• [THE PROBLEM] Beginning with the line that holds "Реакции в боковой" and ending with the last line of the entries, please output each line exactly, apart from any pictures.

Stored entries
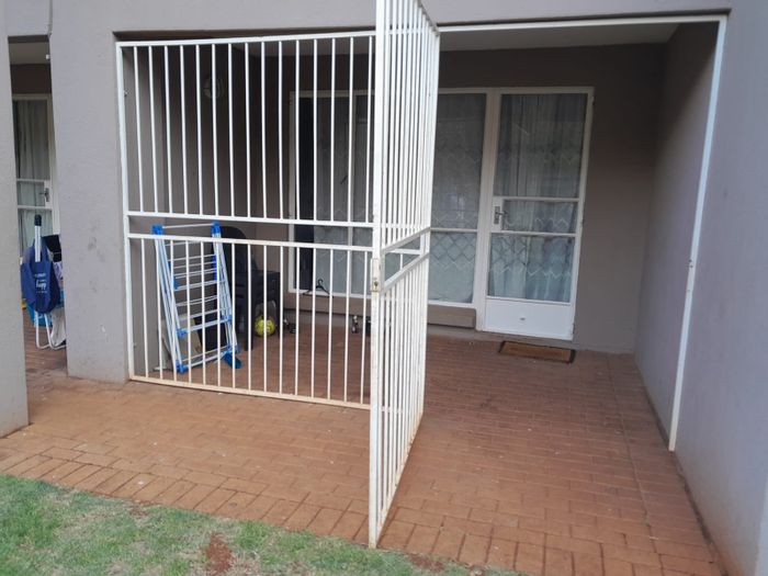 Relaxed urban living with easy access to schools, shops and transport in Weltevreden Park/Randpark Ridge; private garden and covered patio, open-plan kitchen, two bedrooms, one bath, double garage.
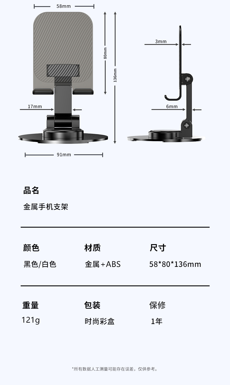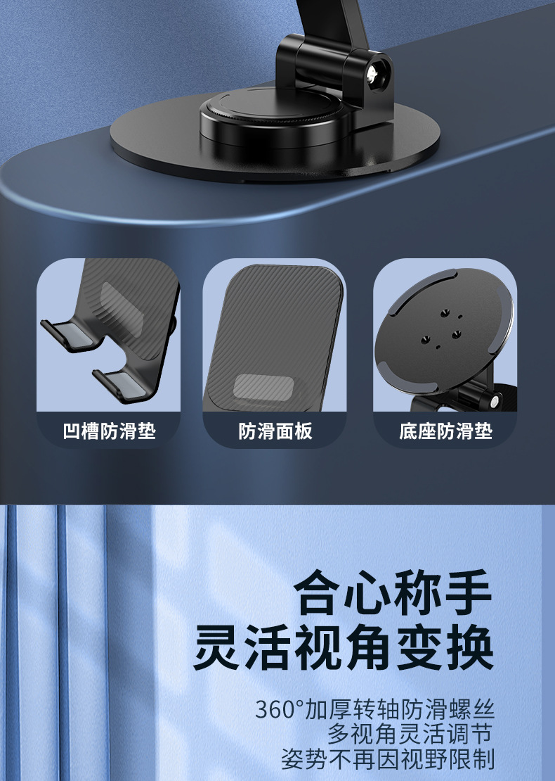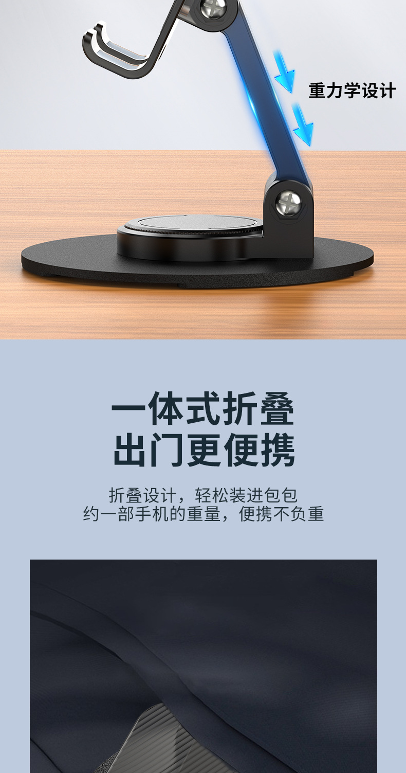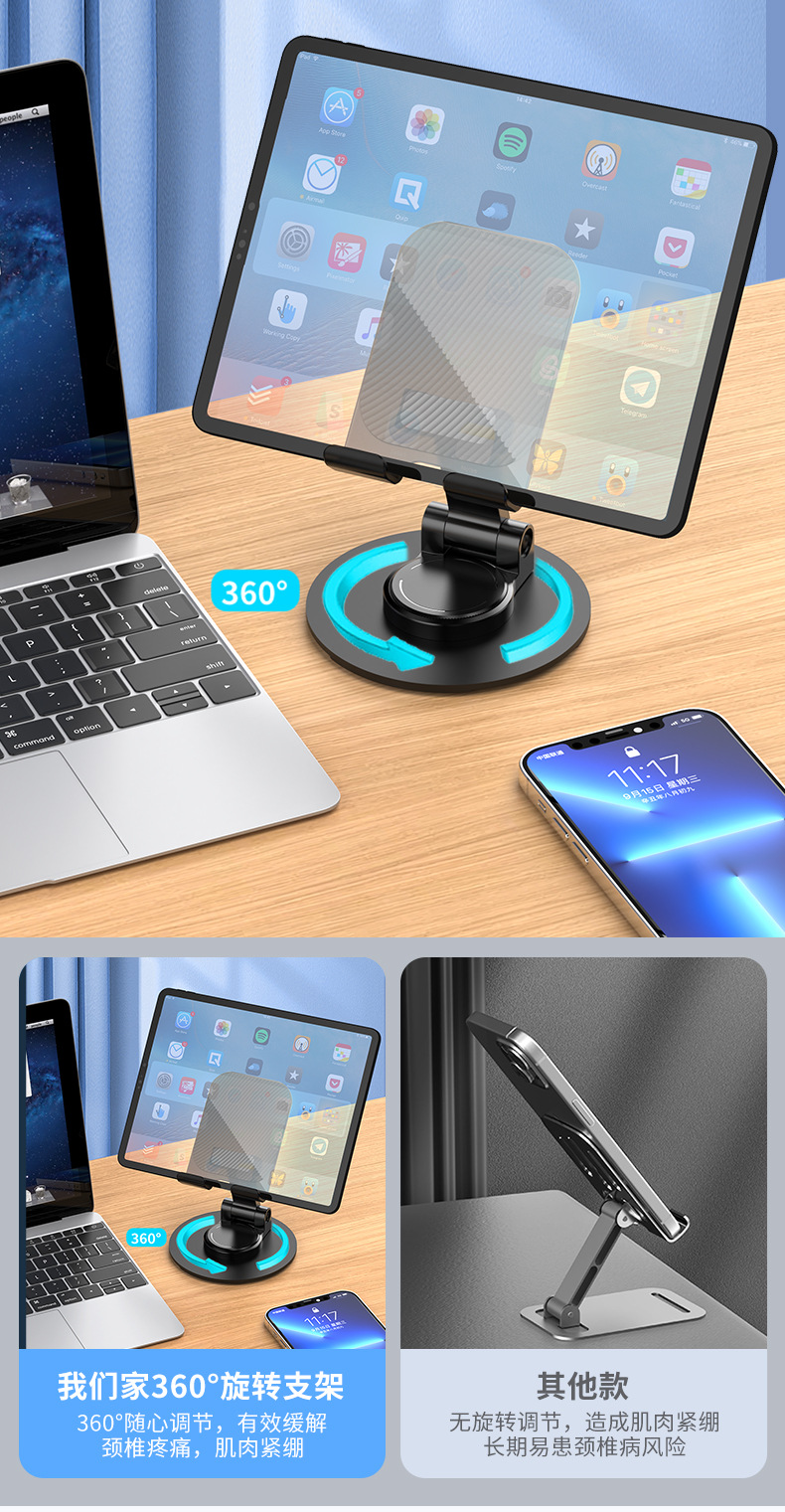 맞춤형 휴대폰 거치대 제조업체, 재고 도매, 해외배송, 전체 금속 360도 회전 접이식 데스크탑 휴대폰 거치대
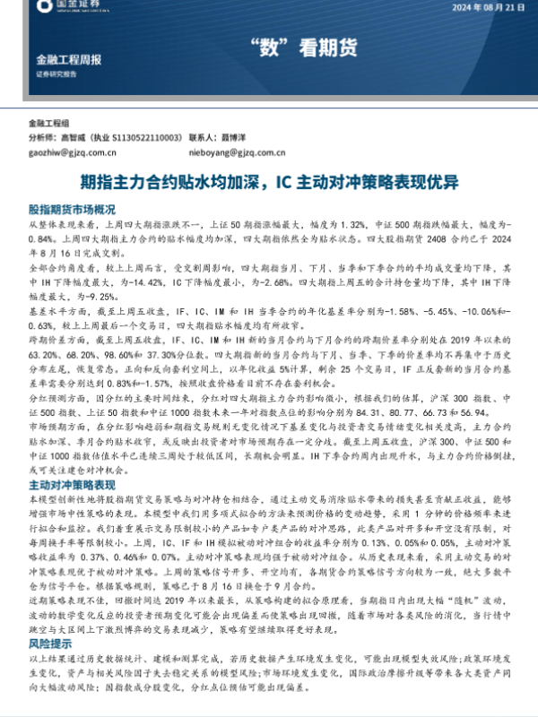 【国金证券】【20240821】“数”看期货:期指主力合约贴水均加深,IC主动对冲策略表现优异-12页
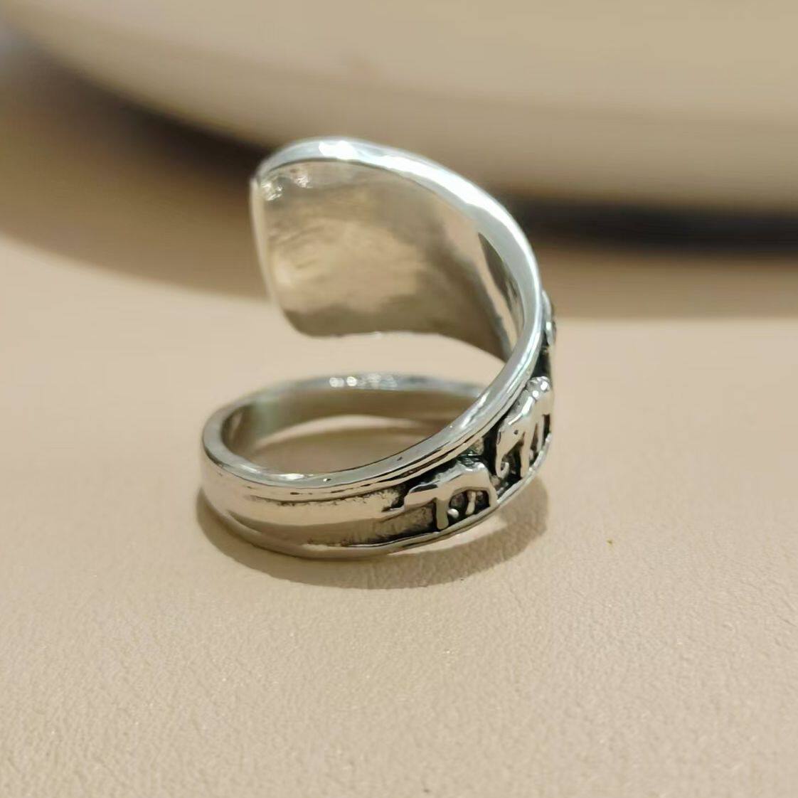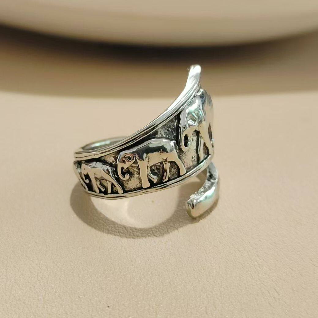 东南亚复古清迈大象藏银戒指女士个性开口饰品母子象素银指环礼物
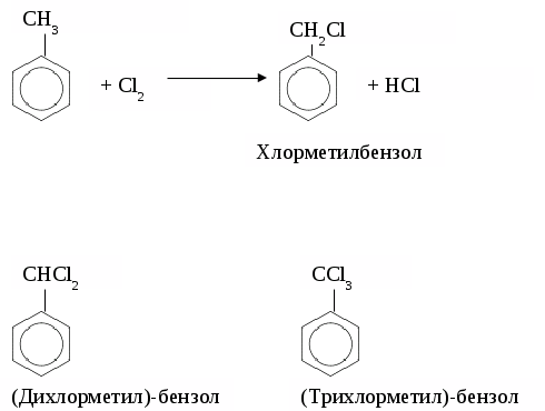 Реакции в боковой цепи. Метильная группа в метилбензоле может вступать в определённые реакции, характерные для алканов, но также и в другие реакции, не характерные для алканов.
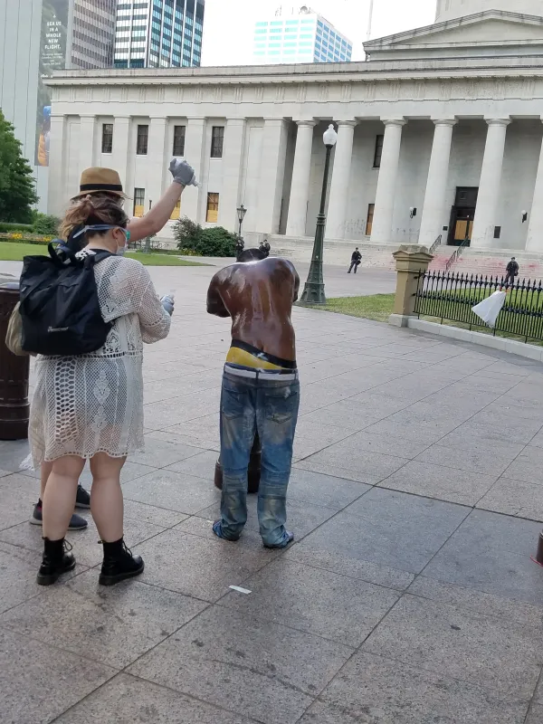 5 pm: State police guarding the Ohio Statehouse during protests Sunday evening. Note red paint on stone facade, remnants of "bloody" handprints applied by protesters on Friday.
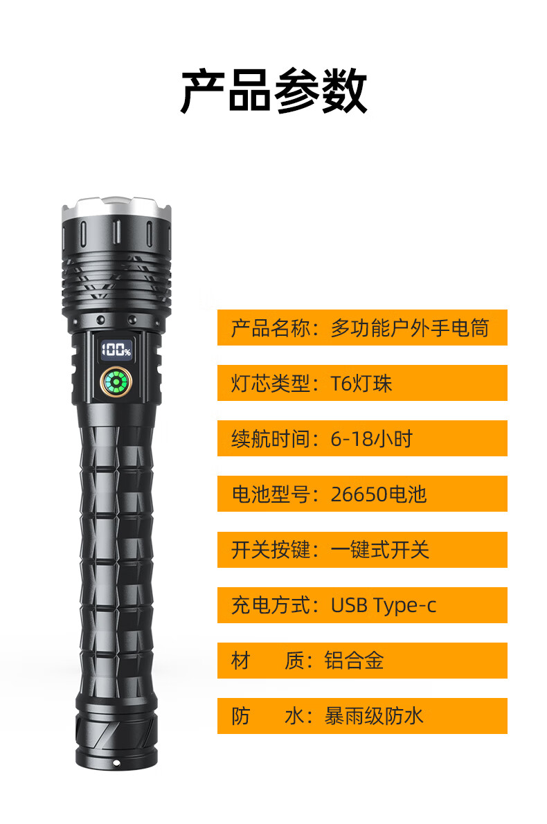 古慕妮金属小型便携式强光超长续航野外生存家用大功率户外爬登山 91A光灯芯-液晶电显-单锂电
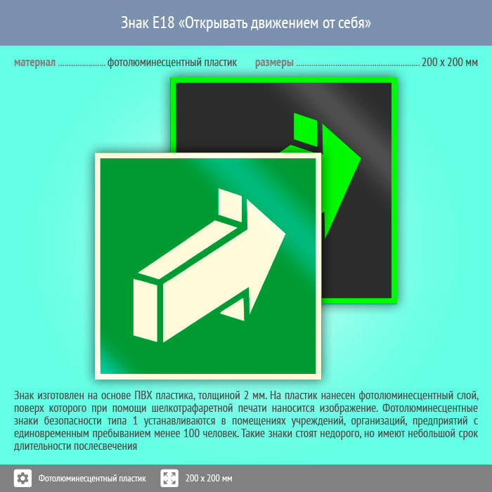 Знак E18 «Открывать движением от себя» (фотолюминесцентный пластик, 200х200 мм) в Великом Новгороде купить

• [SOLVED PROBLEM]
 Реакции в боковой цепи. Метильная группа в метилбензоле может вступать в определённые реакции, характерные для алканов, но также и в другие реакции, не характерные для алканов.
 5 pm: State police guarding the Ohio Statehouse during protests Sunday evening. Note red paint on stone facade, remnants of "bloody" handprints applied by protesters on Friday.
 古慕妮金属小型便携式强光超长续航野外生存家用大功率户外爬登山 91A光灯芯-液晶电显-单锂电
 Знак E18 «Открывать движением от себя» (фотолюминесцентный пластик, 200х200 мм) в Великом Новгороде купить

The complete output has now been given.